Kathryn Dane and Brittany Hogan, two of Ulster’s most important players, know their team will need a much more complete performance against Leinster next Saturday with a place in the Vodafone Women’s Interprovincial Championship final on the line.
Ulster have relied on a final quarter surge in both of their opening matches, scoring two closing tries to pick up two bonus points away to Munster, and repeating that energetic finish to draw 25-all with Connacht in dramatic fashion.
Murray Houston’s charges enter the final round just a point behind second-placed Leinster, so it is all to play for when the sides go head-to-head at Kingspan Stadium (kick-off 4.45pm – live on the Spórt TG4 YouTube channel/BBC iPlayer/BBC Sport website). Tickets are available here.
They had to show plenty of resilience and character to bounce back from a 22-5 deficit against Munster, and then erase a 14-point second half deficit at home to Connacht, but Dane and her team-mates do not want to be playing catch-up for the third week running.
“We’re really hoping to push for the final. We’re hoping that we can put in a performance against Leinster this weekend at home,” insisted Ulster’s new captain, speaking to Newstalk’s ‘Off The Ball Breakfast’ show.
“We have to fix our little bits of detail and try and maintain that focus a little bit longer, and a bit earlier in the game, to hold Leinster out.
“They’ve got a lot of threats, and a lot of girls that I would have played with and against over the years. So we know them all too well, we’ll do our homework, but we’ll try and just keep pushing on for Saturday.
“Honestly, anything could happen (with how competitive the Interprovincial Championship has been this season), and hopefully it’s good to watch as well for the fans.”
Saturday afternoon saw Dane play at Kingspan Stadium for the first time since suffering a brain haemorrhage in November 2022. She said it was ‘really, really special’ to be running out again at the home of Ulster Rugby, particularly with her eight-year-old cousin, Oscar, as a mascot.
Having been replaced in the 50th minute, the Ireland scrum half had to watch the tense conclusion from the bench and was happy to come away with another valuable two points, especially given the impact of Ulster’s replacements.
“I think when we went down by that scoreline so early on in the game, we were thinking, ‘gosh, how are we going to pare this back?’, but I think after Lucy Thompson’s try in the corner, it was so dramatic, it was incredible.
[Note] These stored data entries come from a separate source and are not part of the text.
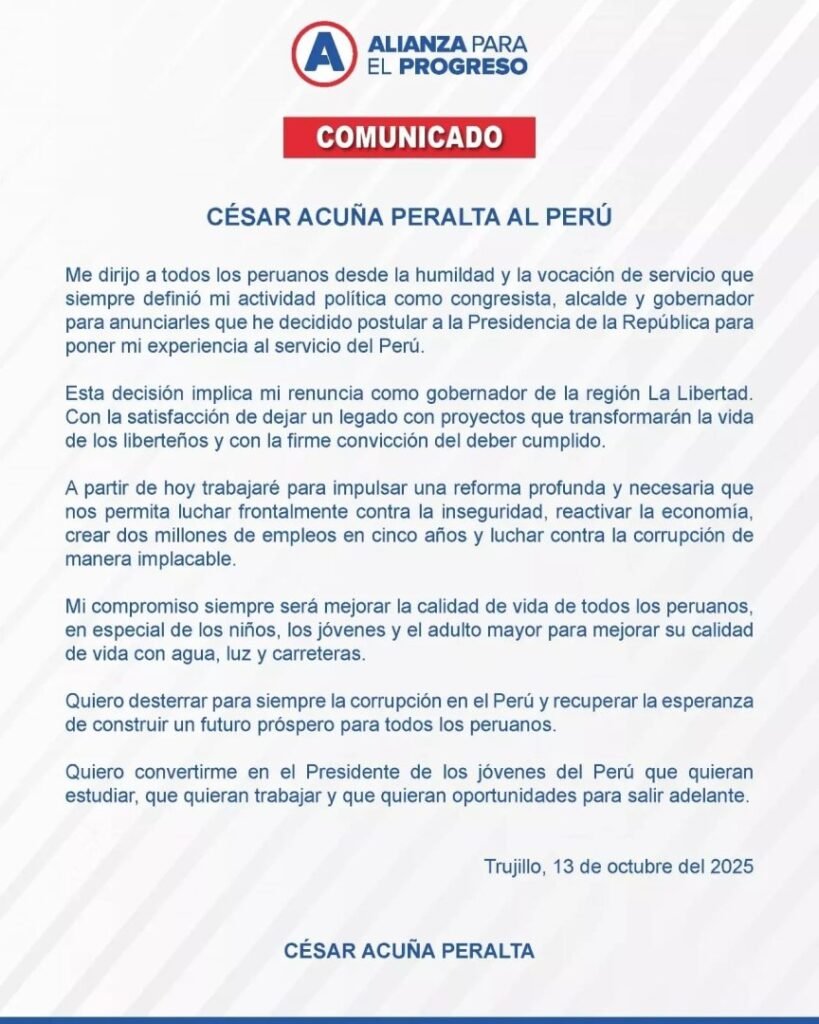 César Acuña anunció este lunes 13 de octubre que dejará de ser gobernador regional de La Libertad, a través de un pronunciamiento difundido por los canales oficiales del partido político que lidera.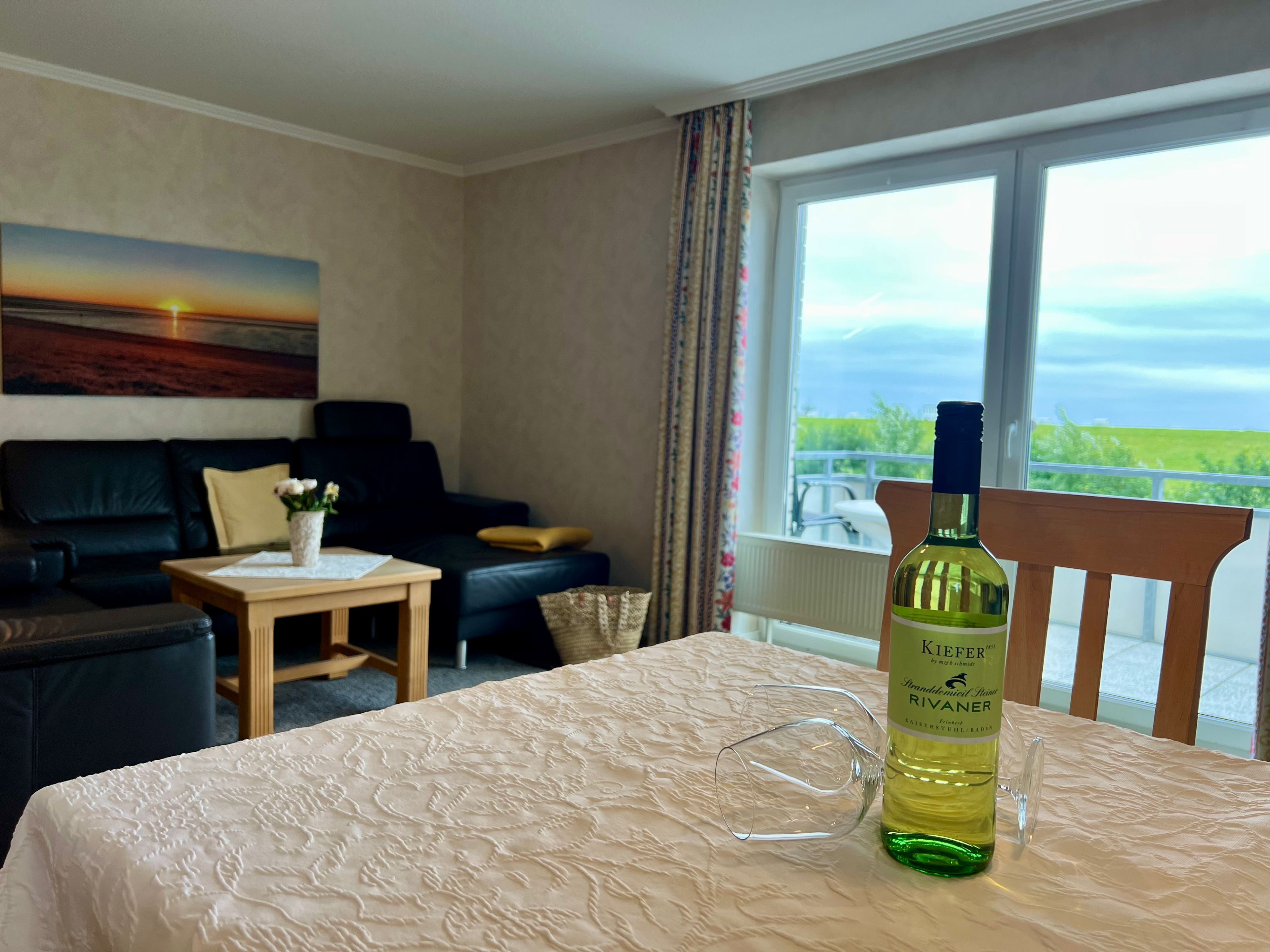 Appartement mit Blick über den Deich (bedingter Meerblick). Die beiden Schlafzimmer sind ruhig gelegen zur Rückseite des Hauses. Geräumiges Schlafzimmer mit Doppelbett, großem Kleiderschrank und einem Ganzkörperspiegel. 2. Schlafzimmer mit Einzelbetten und Kleiderschrank. Wohnzimmer mit hochwertiger Schlafcouch, Sitzgruppe, Fernseher, Stereoanlage, Eßplatz und Küchenzeile.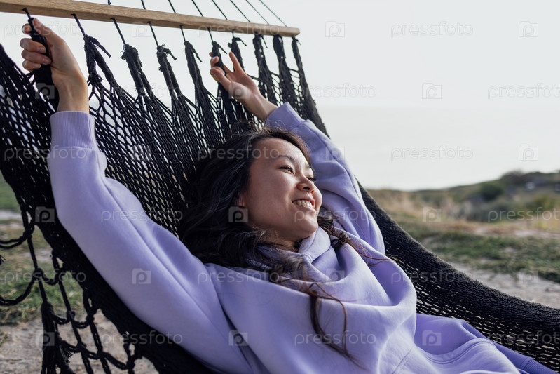 Красивая кореянка в повседневной одежде наслаждается отдыхом на свежем воздухе

“We were really just happy to claw back that draw in the end. I think we were a bit disappointed in our overall performance. We would have liked to have beaten Connacht, but just the way the game went, we were happy to take the draw.
“It’s testament to the younger girls and the impact of our bench that actually came on and finished out that game. We stayed persistent all the way to the end, which is huge considering the scoreline.”
In Ulster’s last three competitive outings under head coach Houston, they have ended an almost 11-year winless streak in Interprovincial action, averaged 4.33 tries per game, and introduced a number of talented youngsters to this level of rugby.
Dane feels that the emergence of the IRFU’s WNTS (Women’s National Talent Squad) programme in recent years, with Queen’s University one of the Women’s Centre of Excellence hubs, and the establishment of an Ireland Under-20 Women’s pathway have helped to bridge the gap between the U-18 grade and senior rugby.
She pointed to the progress being made by fellow Enniskillen native, Sophie Barrett, with the 20-year-old prop a real standout performer in last month’s Six Nations Women’s Summer Series, on the back of playing with Railway Union in the Energia All-Ireland League, and winning the Celtic Challenge with the Wolfhounds.
“The depth that we have in the (Ulster) squad now is huge, and the youth that is coming through thanks to those performance pathways, we are seeing girls that are able to perform at that top level,” explained Dane.
“There’s Under-16 and Under-18 interprovincial pathways, and Ireland have the NTS programme, and the Under-18 and Under-20 Six Nations squads feeding through from that.
“So, these young players have access to top level coaching and resources now, which is just setting the platform for better senior rugby.
“The likes of Sophie Barrett performing so well in that Six Nations Summer Series. She was the MVP, and just an absolute asset to have in the squad.
“I think that is where we are reaping the rewards of those performance pathways and the S&C and the actual support that these young girls are getting on their way up to senior rugby. It’s really paying off.”
Ireland number 8 Brittany Hogan had a big influence on how Ulster closed out their opening two games. It was her 78th-minute try that sealed Ulster’s brace of bonus points in Cork, and her carrying and lineout work played a crucial role in their two-try finish against Connacht.
Chosen as the Vodafone player-of-the-match from that end-to-end second round encounter, Hogan told BBC Northern Ireland afterwards: “We had it in us (to come back), we completely had it in us. Started off again like last week, just a little bit depleted.
“We came out of the blocks really slow, to be honest. We weren’t too pleased with it, we kind of went a bit too individual in our defence and in our attack, which isn’t the Ulster that you saw in the last 20 (minutes) which was how we could perform.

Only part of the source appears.